I loved our 1936 Spanish-style home in Los Angeles the moment I saw it. Everything about it felt just right — especially the deco-period details that lent so much character and charm.
However, within about a year after closing on this two-bedroom home with just one full bathroom, we found out I was expecting twins. That meant the bathroom would have to be fully functional for a modern-day family. For instance, while we loved the charm and authenticity of the room, we needed to bathe babes in a bath with water that ran clear instead of brown.
So in my second trimester, we spent more than six weeks out of our house, living with parents and in-laws and traveling out of town while we waited for our bathroom remodel to be complete. Here’s what we did.
Black and white inspiration
While browsing open houses in our historic neighborhood, I’d spied a neighbor’s black-and-white vintage-inspired bathroom that became my own design inspiration. I loved how they’d stayed true to the 1930s aesthetic, but the room also felt fresh and modern. My mother-in-law, Linda Rosen of Linda Rosen Interiors, helped us execute the concept.
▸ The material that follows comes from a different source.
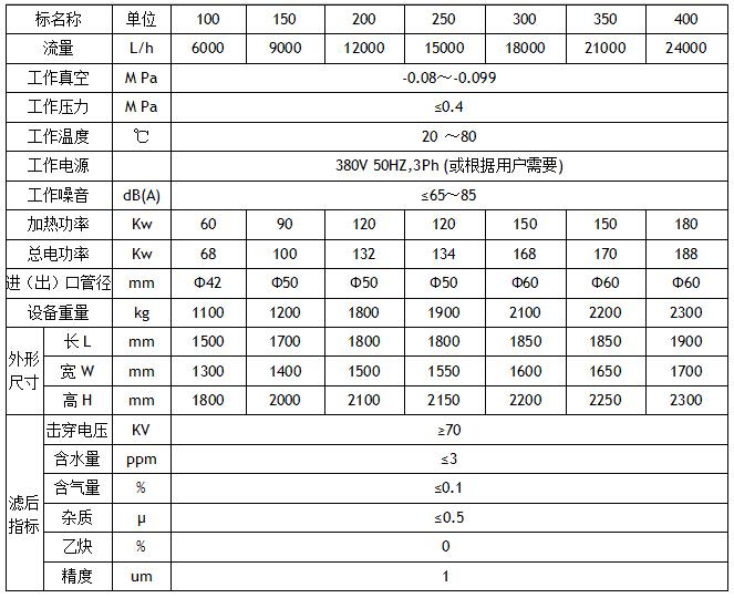智能型帶PLC全自動(dòng)式高真空濾油機(jī)參數(shù):

The lighting fixtures (double sconce and flush-mount ceiling fixture) are American-made vintage reproductions from our favorite local lighting shop: Rejuvenation. (I finally have enough light to tweeze eyebrows and put on makeup effectively: longtime personal life goal!) I’d consider those a bit of a splurge.
But we did save on other details, like glass hardware from House of Antique Hardware — so pretty and a fraction of standard retail prices. That black-framed mirror (and the sunburst mirror decor piece from West Elm) hung in our previous bathroom too.
I picked black and white bathroom accessories from Pottery Barn that seemed as pretty as they are useful.
Yes, we anticipated the push-back from vintage purists — one friend even told me our plans were “a crime against Los Angeles.” But here’s the thing: Nobody wants old, stinky plumbing and cracked tile (some of which had been clearly replaced with mismatching pieces in the ‘80s or so). It’s a recipe for a future buyer walking through this house and thinking “teardown,” as part of the “mansionization” phenomenon that is so rampant — and so controversial — in our part of town. Then it’s curtains for the whole house.
We reasoned that a new bathroom in keeping with a vintage style would not only be functional and comfortable for our family, but also might give it 80 more years of functionality for future families.
Most of all, we needed a space that worked. After all, a house is not a museum, but a living, breathing presence in a family’s life.
Rearranging the layout
We moved the window over the tub; the window that had hung over the left side of the sink had appeared way off center since the 1970s, when an adjacent half-bathroom addition forced the removal of its counterpart window on the right side.
We added some size in the shower by building a bench seat on the tub deck, and removing the decorative arched wall enclosure around the tub, which had made the room seem both smaller and darker.
But my most favorite detail overall? It has to be the vintage-inspired tile pattern on the floor, which also echoes in the striping on the tiled walls.